# engine wiring diagrams



## Visions (Apr 7, 2013)

Looking for an engine wiring diagram for a lionel GP-7 Santa Fe 8250
this was part of a lot I picked up at a yard sale. Everything was in a large box with several engines but looks like the previous owner like to dismantal everything. I have the K-line blue hard book but no reference to this engine, any help would be great


----------



## sjm9911 (Dec 20, 2012)

If that is from the seventies, the info is on the Lionel site. Go to Lionel. Com, click on customer service. On the left side of the page is a pull down Window, find supplement 1-9, I think it's in there. Someone else might be able to post the exact page. It has a lot of info. I could never have found it without this fourm, they had to show me where that was. Good luck.


----------



## CKCECB (Feb 22, 2013)

Download Supplement 1-9

Your GP is on pg 1-19 (which is pg 50)

E-unit wiring is on page 16-1 (which is pg 460)

They really didn't have wiring diagrams or schmematics.


----------



## gunrunnerjohn (Nov 10, 2010)

Start at the Lionel Service Manuals page.

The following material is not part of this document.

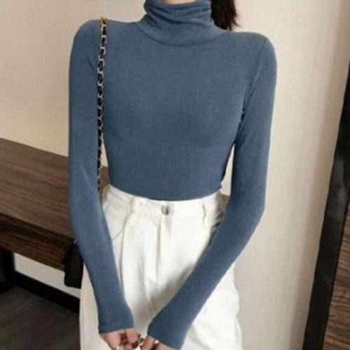 [오너클랜]인기상품 여성용 기모 스판 목폴라 긴팔티 가을 무지 베이직 기본티셔츠 [WFLHYZW_260210]

Don't type in the lower search box, but rather select the pull-down in the upper box. You can download all the product supplements there, they're a useful resource to have.


----------



## Visions (Apr 7, 2013)

*Thanks*

just wanted to say thanks to everyone for responding


----------



## gunrunnerjohn (Nov 10, 2010)

You're welcome, don't be a stranger, let us know how it all works out.


----------